▶

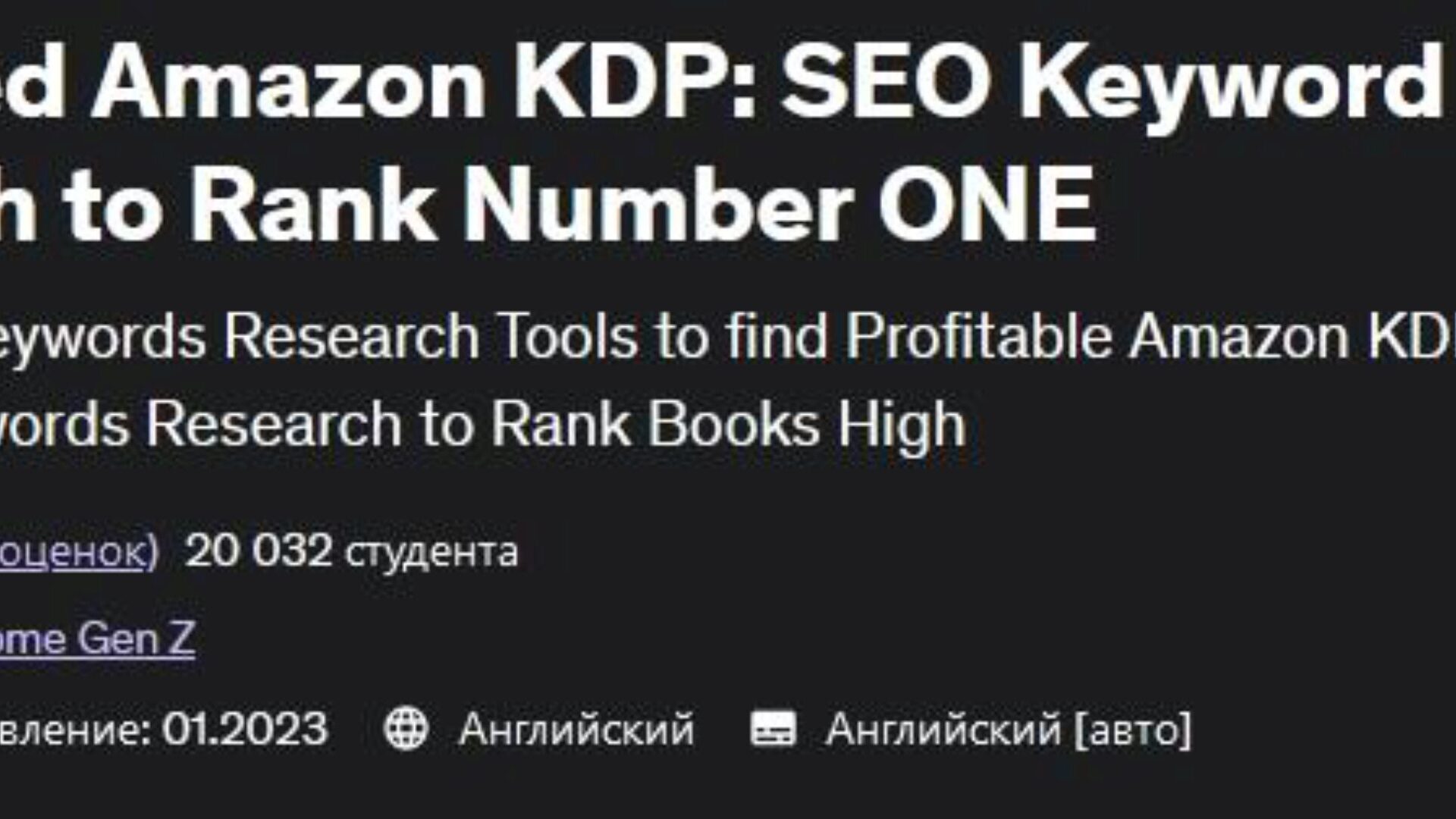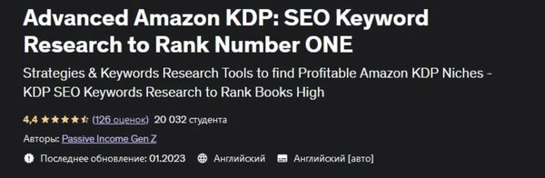 Отзывы о курсе [Udemy] Продвинутый Amazon KDP: Анализ ключевых слов в SEO для выхода на первое место (Passive Income Gen Z)
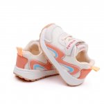 Adidasi pentru fetite, din material textil cu insertie de material tip piele ecologica, se inchid cu sireturi din elastic si bareta cu arici intr-o parte.
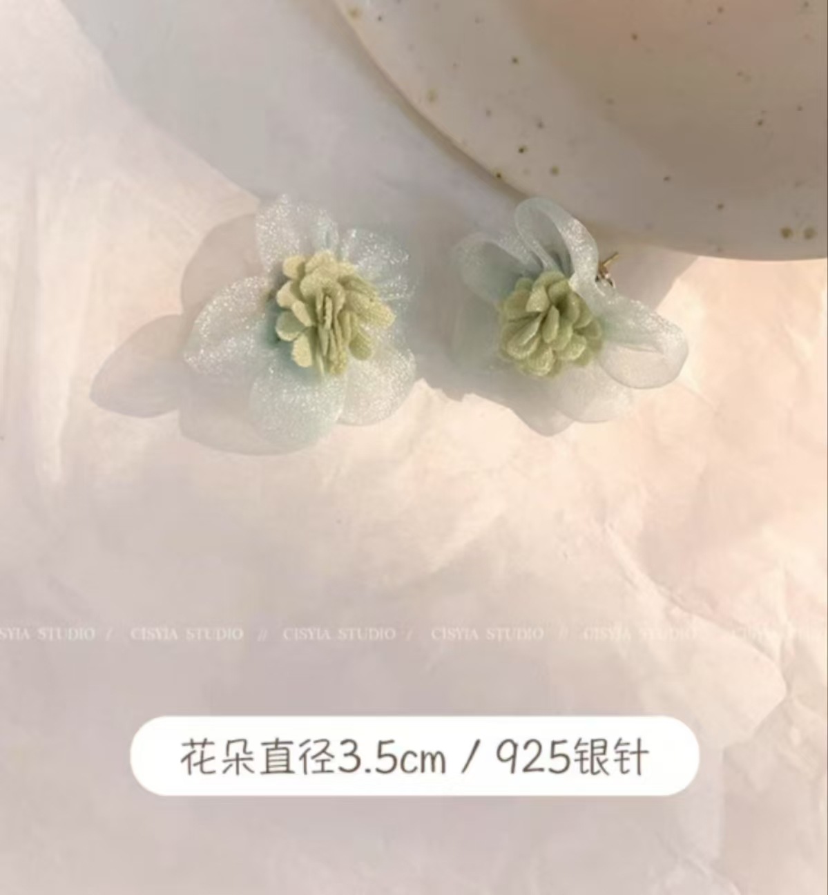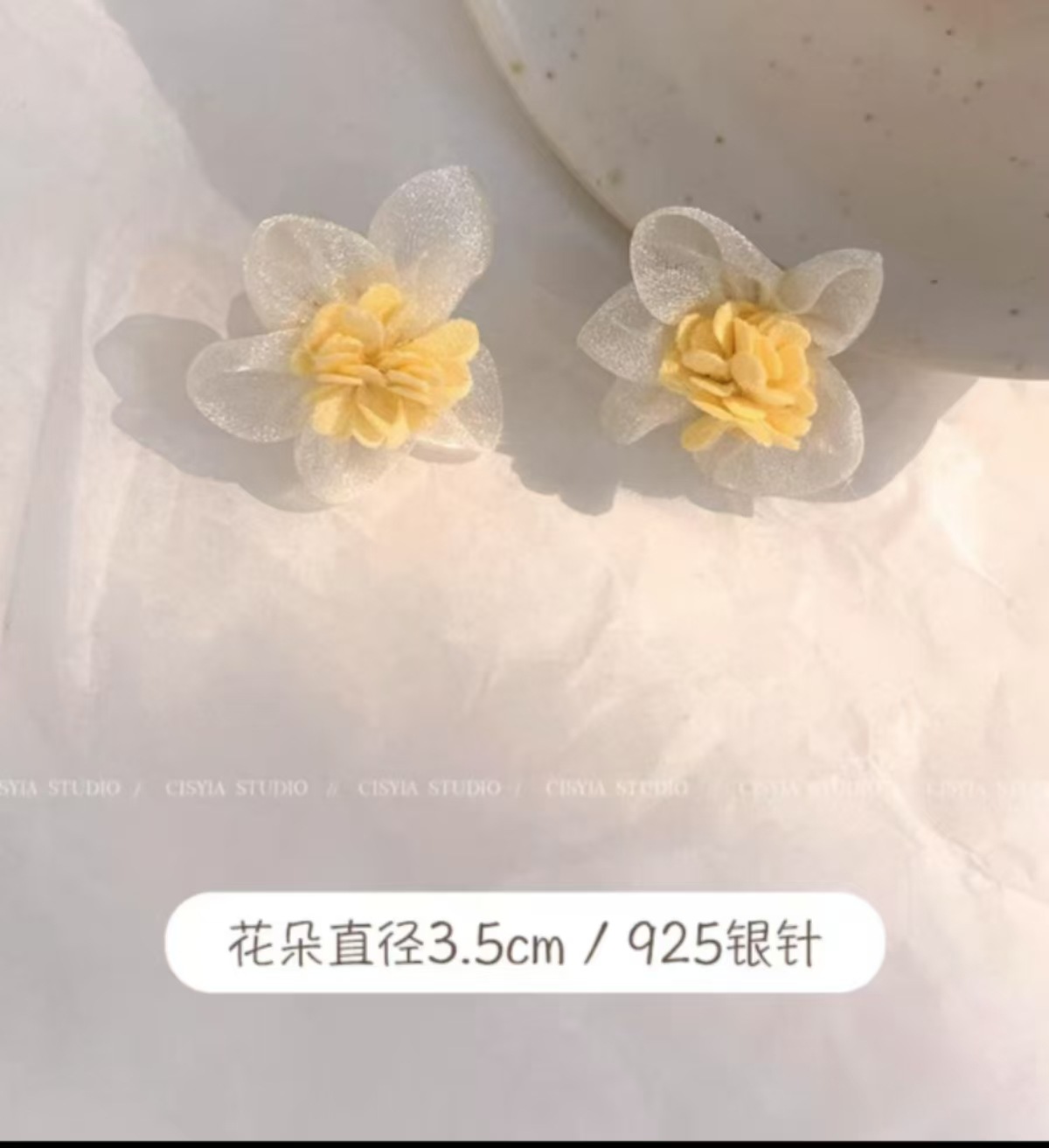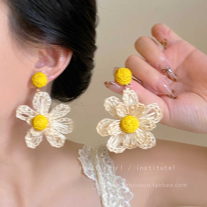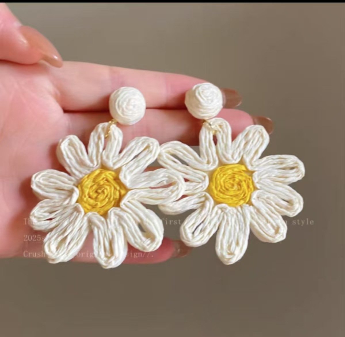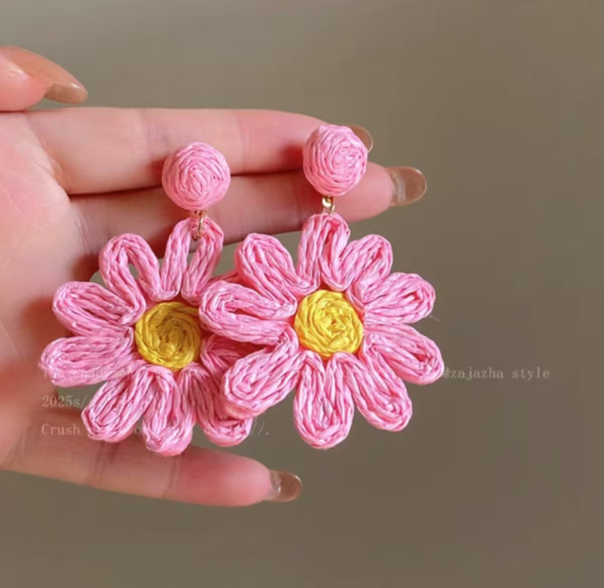 度假风花朵耳坠女2025爆款耳环高级感气质耳钉超仙风小众法式耳饰
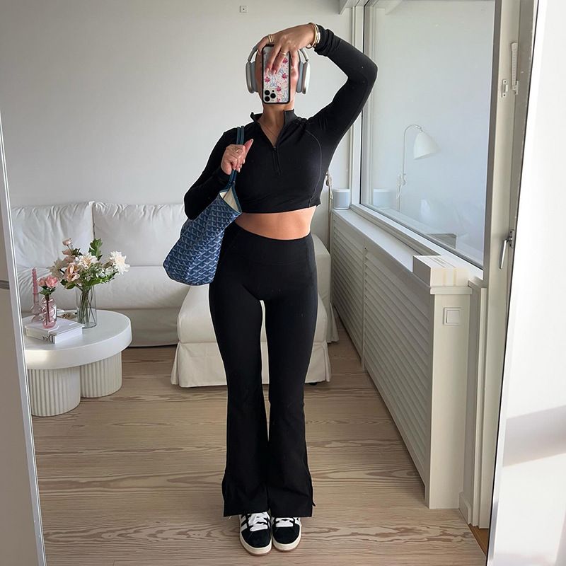 Wind high waist split tight elastic casual bell bottom pants, spicy girl fashionable sports yoga versatile slimming pants
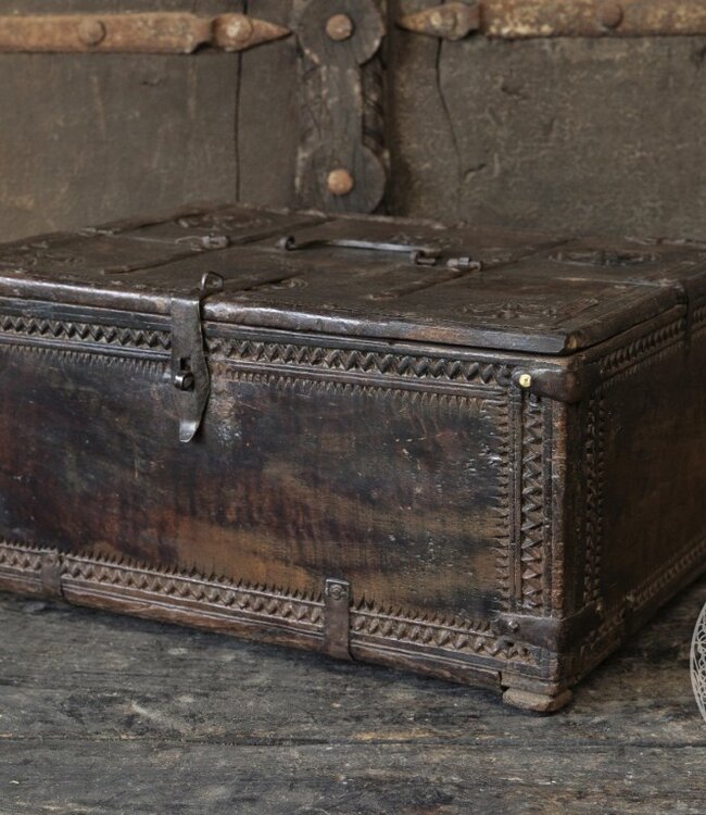 Origineel oud Dauri kistje uit India met een authentieke, doorleefde uitstraling. Dit unieke exemplaar is met de hand gemaakt en rijk aan karakter. Prachtig als decoratief item of om kleine spullen stijlvol in op te bergen.
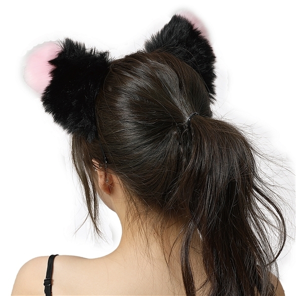 エロコス もふもふ耳カチューシャ (黒×ピンク)
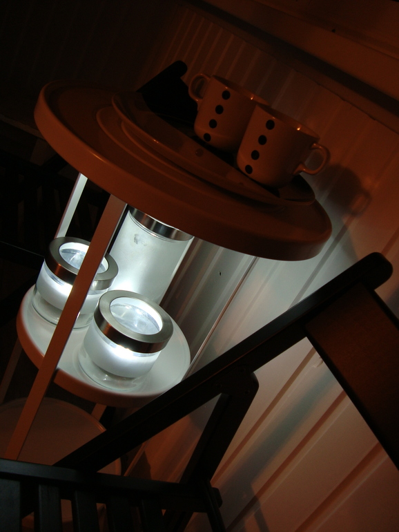 Аксессуары для вечерних посиделок, чашки, подносик, ниже на полке баночки, приспособленные под ночное освещение (положили в них светодиодные светильники на батарейках - дают теплый, романтичный, матовый свет).![]()
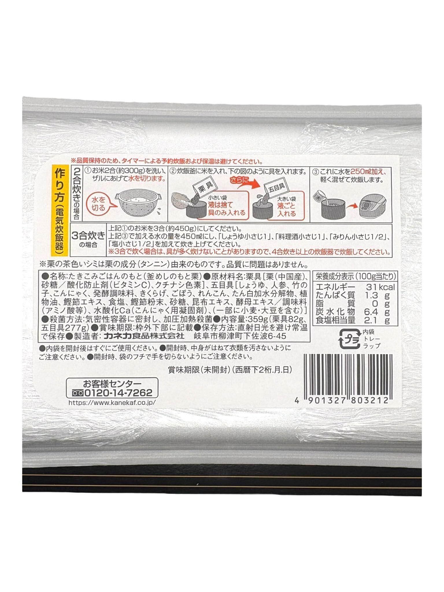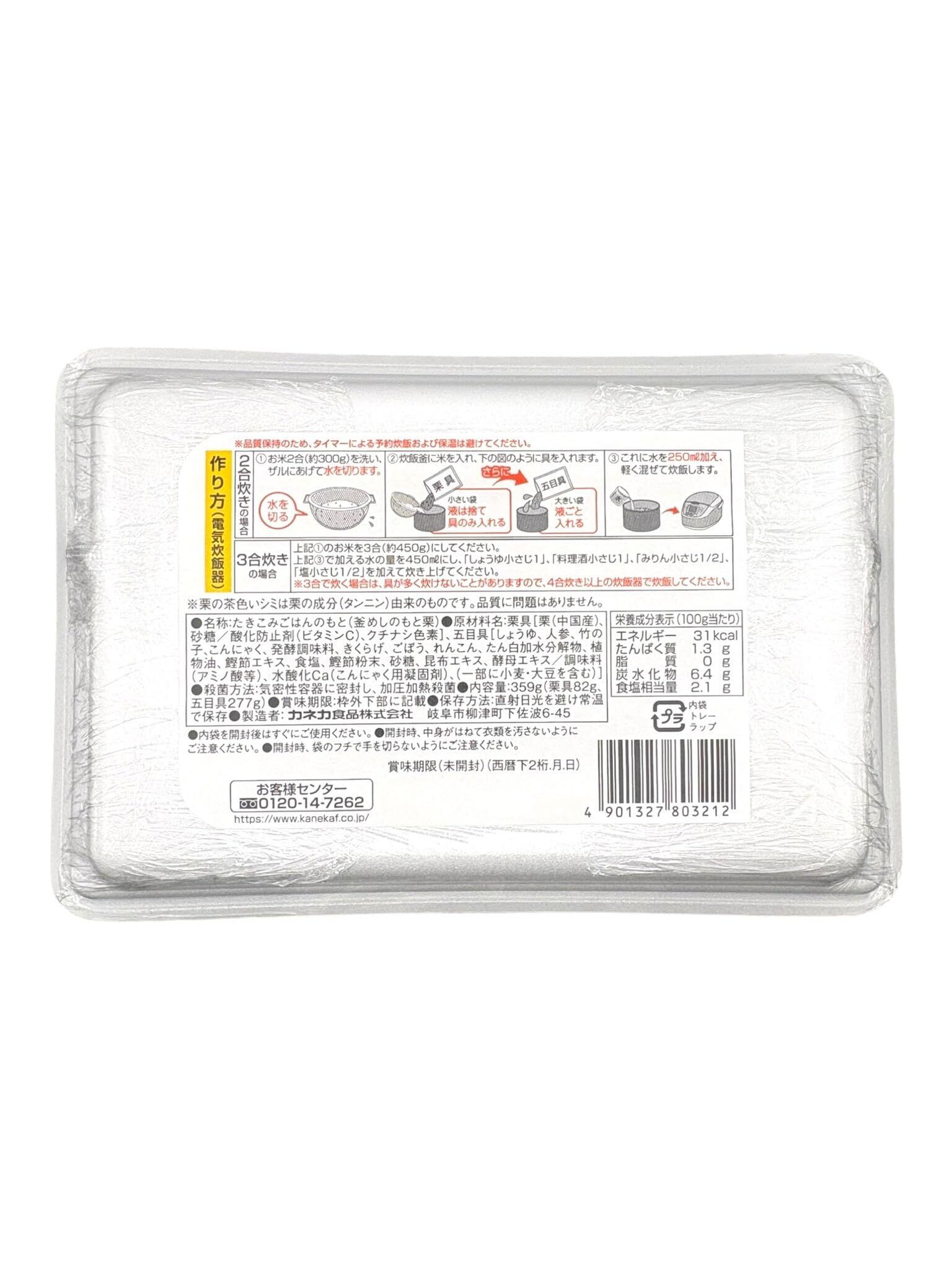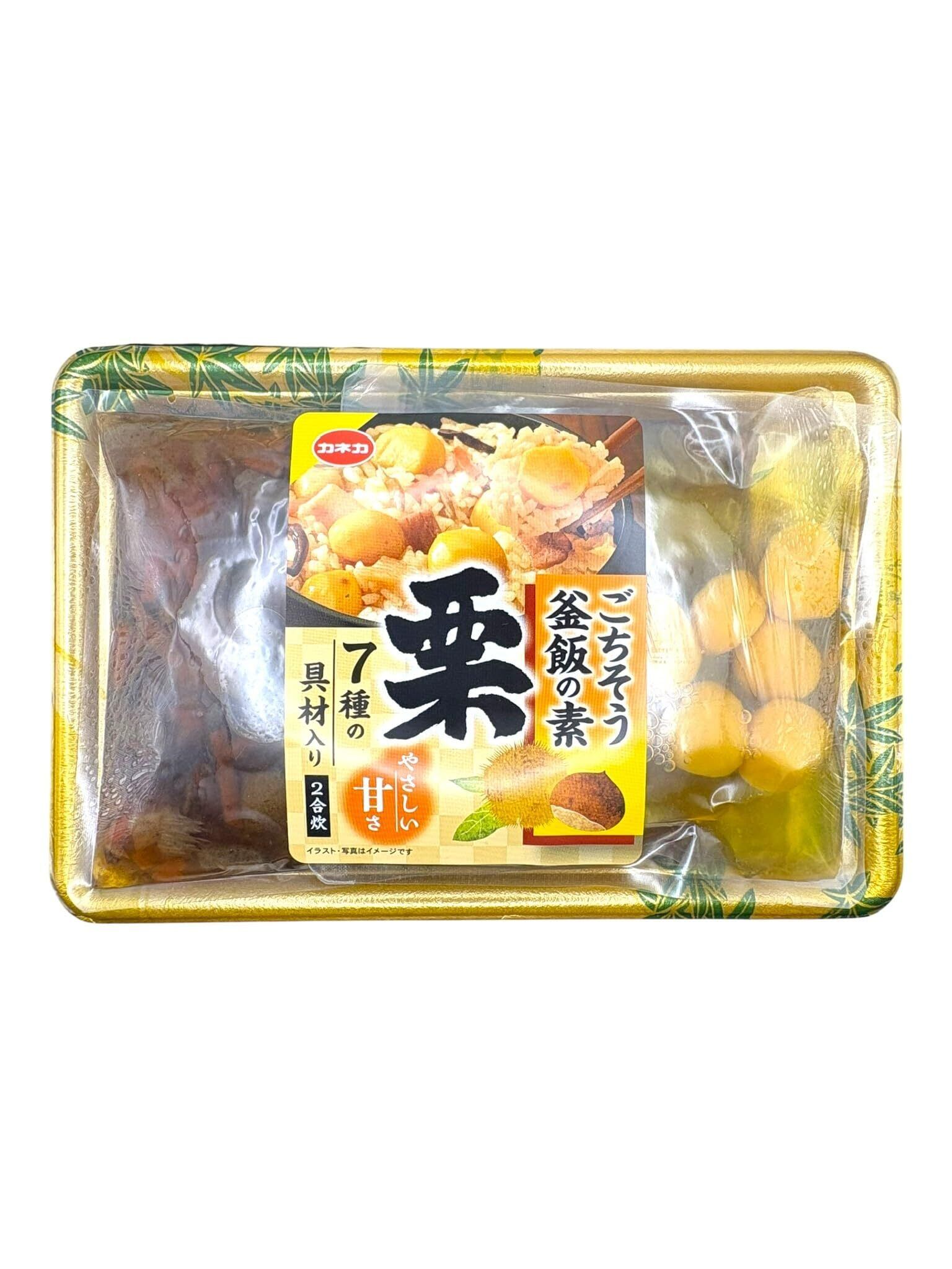 使用方法:2合炊き用(お米と一緒に炊飯器で調理) 原材料:栗(中国産)、鶏肉、ごぼう、にんじん、こんにゃく、たけのこ、しょうゆ、砂糖、昆布エキス、かつお節エキス ほか

◀

Exercise objective ▸ From the line that contains "Origineel oud Dauri" down to the last line of the material above, every line must be repeated exactly, with pictures removed and both end lines included.

Solution to this problem ▸
 Origineel oud Dauri kistje uit India met een authentieke, doorleefde uitstraling. Dit unieke exemplaar is met de hand gemaakt en rijk aan karakter. Prachtig als decoratief item of om kleine spullen stijlvol in op te bergen.
 エロコス もふもふ耳カチューシャ (黒×ピンク)
 Аксессуары для вечерних посиделок, чашки, подносик, ниже на полке баночки, приспособленные под ночное освещение (положили в них светодиодные светильники на батарейках - дают теплый, романтичный, матовый свет).![]()
 使用方法:2合炊き用(お米と一緒に炊飯器で調理) 原材料:栗(中国産)、鶏肉、ごぼう、にんじん、こんにゃく、たけのこ、しょうゆ、砂糖、昆布エキス、かつお節エキス ほか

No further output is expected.